White paint from most companies doesn't cover very well...It usually takes 3 coats unless you use Aura or BM's top of the line ceiling flat...For apartments I use Glidden Ultra,Cloverdale Hi-hide,General Paint hi-hide or BM's superspec...They are cheap ($19-$24 gal ), but are not washable in any sense of the word..


----------



## PaintSlave (Jan 9, 2011)

I'd prime that lime green if it's deep base, if it's an extra white base or within the top 3 colors of the color chip, skip the primer for sure. 

As far a selecting the proper paint, i don't feel you have given enough info..

If the walls are smooth, go with Showcase+ flat.

Ive done countless apartment complexes and if there isnt texture on the walls its not worth the time use a paint with sheen. 

200 eg-shel, now called 200 satin is really bad about flashing on sun walls and chalks after 2 years.

Dont forget to strain your paint!
pAiNtSlAvE


----------



## Sling'n_Paint (Apr 6, 2021)

I would do a primer coat, as mentioned above your over painting of vibrant colors will at times flash through two coats. I'd use Promar 200 to prime ceilings. However for finish coats I would instead use Duration. Its coverage is great and with two coats on top on primer it should cover the green no problem. I did a church with ceilings, we got away with primer and one finish and turned out great. Of course we used our Titan 1140 sprayer for primer and rolled the finish with 18in setups.
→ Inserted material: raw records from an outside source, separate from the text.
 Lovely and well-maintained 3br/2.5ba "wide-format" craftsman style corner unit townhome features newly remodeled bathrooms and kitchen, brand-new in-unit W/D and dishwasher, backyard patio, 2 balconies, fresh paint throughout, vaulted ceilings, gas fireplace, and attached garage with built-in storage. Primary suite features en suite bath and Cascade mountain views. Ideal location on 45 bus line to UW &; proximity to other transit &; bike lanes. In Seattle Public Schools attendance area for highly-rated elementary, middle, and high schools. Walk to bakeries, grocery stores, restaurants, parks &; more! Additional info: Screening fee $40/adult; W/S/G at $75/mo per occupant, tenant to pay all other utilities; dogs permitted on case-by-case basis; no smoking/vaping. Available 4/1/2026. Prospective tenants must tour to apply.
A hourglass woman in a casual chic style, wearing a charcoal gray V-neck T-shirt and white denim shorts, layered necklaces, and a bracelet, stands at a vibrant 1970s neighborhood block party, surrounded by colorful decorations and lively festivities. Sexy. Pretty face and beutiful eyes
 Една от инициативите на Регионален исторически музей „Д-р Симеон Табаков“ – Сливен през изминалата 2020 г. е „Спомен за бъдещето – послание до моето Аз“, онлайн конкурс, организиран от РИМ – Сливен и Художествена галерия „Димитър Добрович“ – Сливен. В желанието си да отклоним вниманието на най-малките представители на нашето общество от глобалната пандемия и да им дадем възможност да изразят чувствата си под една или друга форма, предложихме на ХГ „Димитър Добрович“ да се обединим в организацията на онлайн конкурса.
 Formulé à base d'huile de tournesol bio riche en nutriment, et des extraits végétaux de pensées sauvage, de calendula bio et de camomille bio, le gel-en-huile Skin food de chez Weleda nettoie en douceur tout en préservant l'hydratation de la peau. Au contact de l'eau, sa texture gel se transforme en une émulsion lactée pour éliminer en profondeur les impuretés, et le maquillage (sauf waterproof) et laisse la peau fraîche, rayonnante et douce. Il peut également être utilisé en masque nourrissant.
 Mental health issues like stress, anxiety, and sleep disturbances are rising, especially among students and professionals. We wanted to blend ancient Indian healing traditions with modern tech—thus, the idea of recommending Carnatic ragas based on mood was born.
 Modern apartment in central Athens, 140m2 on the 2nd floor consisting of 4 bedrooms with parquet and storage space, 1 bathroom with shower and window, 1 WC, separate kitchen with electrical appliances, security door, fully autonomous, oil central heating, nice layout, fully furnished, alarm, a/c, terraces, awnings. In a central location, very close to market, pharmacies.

Best of luck though and hope it turns out great!


----------



## Wildbill7145 (Apr 30, 2014)

Just so you know Sling'n Paint, that job probably got finished 10 years ago.


----------



## Sling'n_Paint (Apr 6, 2021)

Wildbill7145 said:


> Just so you know Sling'n Paint, that job probably got finished 10 years ago.


Lol I appreciate the heads up. I'm new to the site and was surfing through. Thanks again.


----------



## Wildbill7145 (Apr 30, 2014)

No problem. Welcome to the forum.


----------



## Sling'n_Paint (Apr 6, 2021)

Thank you


----------